In time, grudgingly, I applied sunscreen. At first, only SPF 8. It was a pride thing. But later I tried the higher numbers. The tans, though reduced, still remained. I couldn’t imagine returning from a week at the beach without having skin that was a different color than the skin I left with.

Not anymore. This year I come back the same. I attribute this not to lack of time on the strand or at the pool — but to lavish use of SPF 50, a UV-protectant shirt I pulled on over my bathing suit and a towel draped over my legs.

I long ago realized that the “healthy glow” was not so healthy. There are wrinkles and age spots and worse.  So I was careful; I heeded the dermatologist’s warnings.

The beach vacation remains, but the tan is history.

Backward Glance

Backward Glance

I’m big on the backward glance, on analyzing what has happened, on figuring out from it what might be to come.

This does not go away when I’m at the beach. But it softens a little, like a once-crisp cracker at an al fresco lunch beside the waves.

At the beach it’s easier to see the back-and-forth of things, the ebbs and flows; easier to trust that all will be well.

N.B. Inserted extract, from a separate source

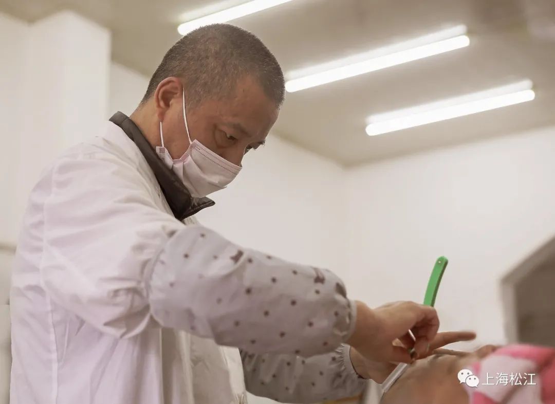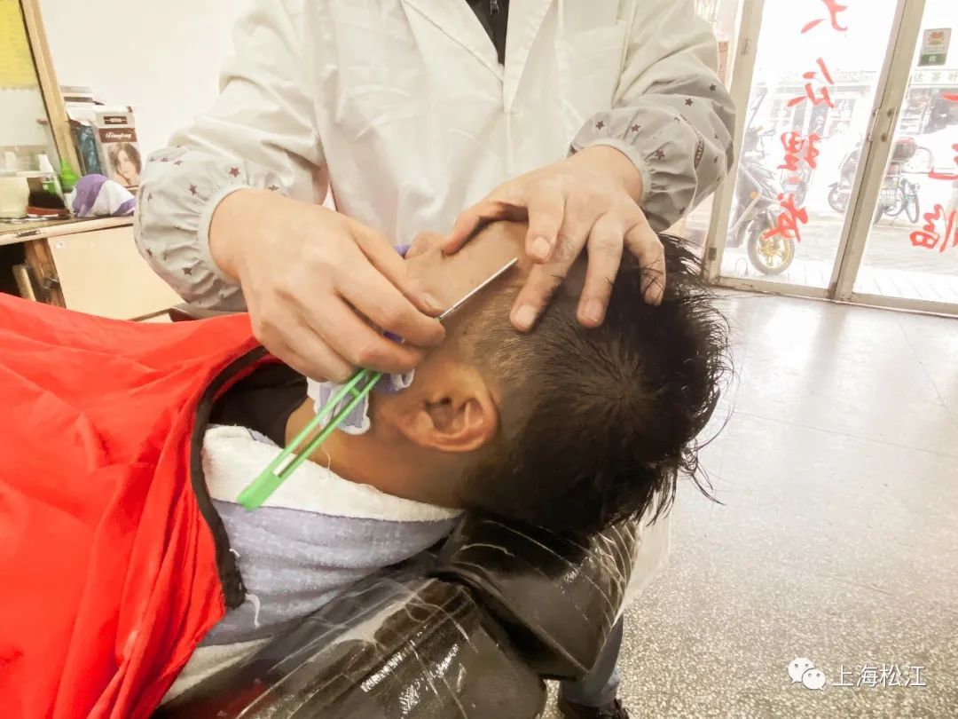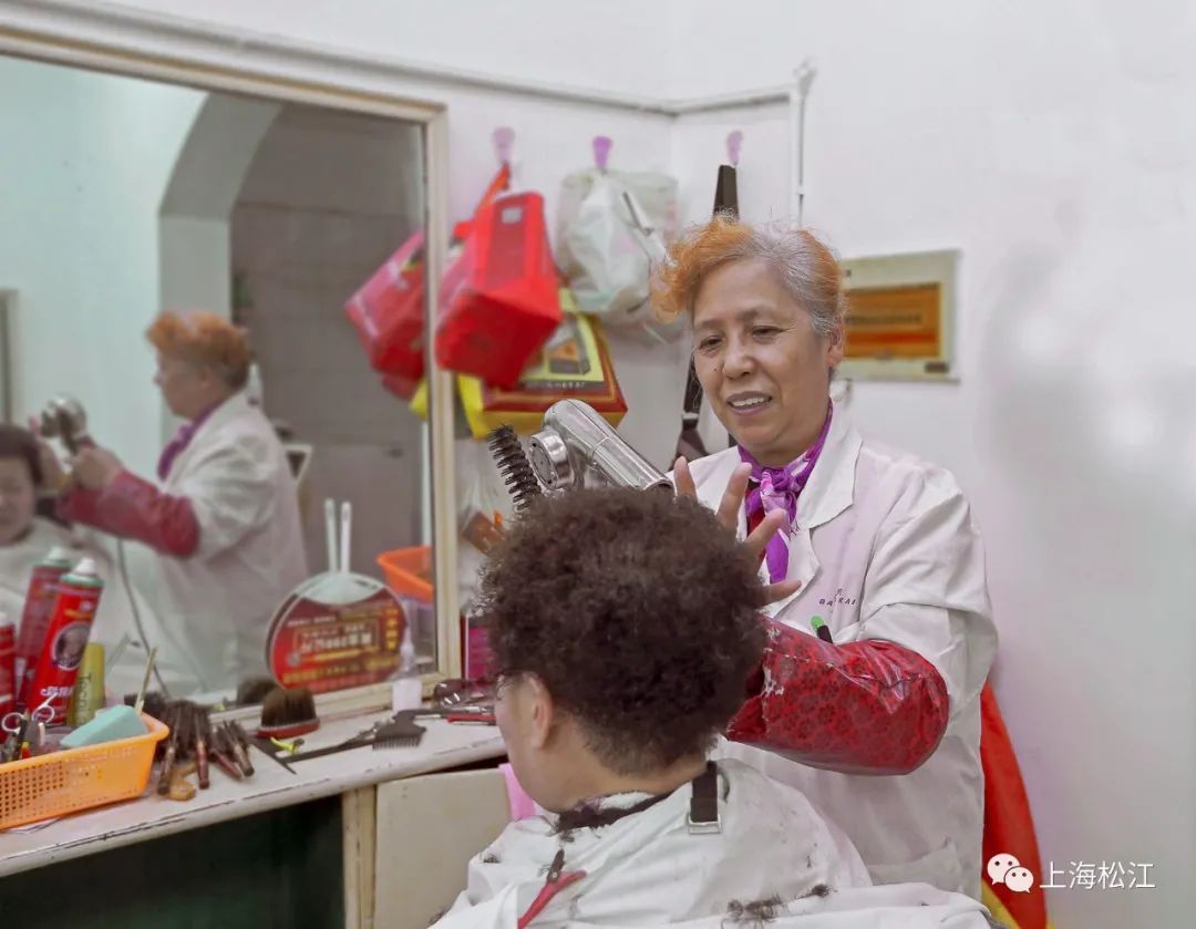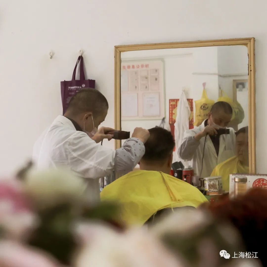 除了周边,直到现在还有专从市区赶来的老客,以前住松江剪惯了。有搭子女车来的,有辗转地铁、公交,剪个头就走的。其实就是想回来听听松江的事。

I’m always looking for lessons, even from vacations. And that’s what this beach week is showing me: Clouds will pile up in the east, will show themselves as rain-makers by the dark slant beneath them. They will come this way, will empty and pass. And then … the sun will come out again.

Shell Art

Shell Art

If rocks and shells could talk, these would laugh, whistle and shout. Look at us, they’d say. Someone has picked us up off the beach, spiffed us up, cast us as heroes in a crazy beach novel.

Here we are telling a joke:

Here we are sharing a tale:

We have no idea why we were willed into being, what our creator has in mind for us. But for now, we are alive and transformed on this Gulf Coast beach.

Dipping my Toes

Dipping my Toes

The sounds I heard outside this morning didn’t make sense. Were the taps and creaks from errant branches, from the building warming in the tropical sun? Only when I looked out the window did I see the rain.

It doesn’t matter; I have plenty to do inside as well as out. I brought books and notes and half-finished essays. Brain food. Things to think about and read.

A trip to the beach rests the body and the mind. So I sleep more, worry less (or try to!) and ignore weather reports. How long will it rain? The clouds are dark, but I see some blue. Did the storm break the humidity?

Only one way to find out. I’ll finish this post and my morning pages, then dip my toes into the day.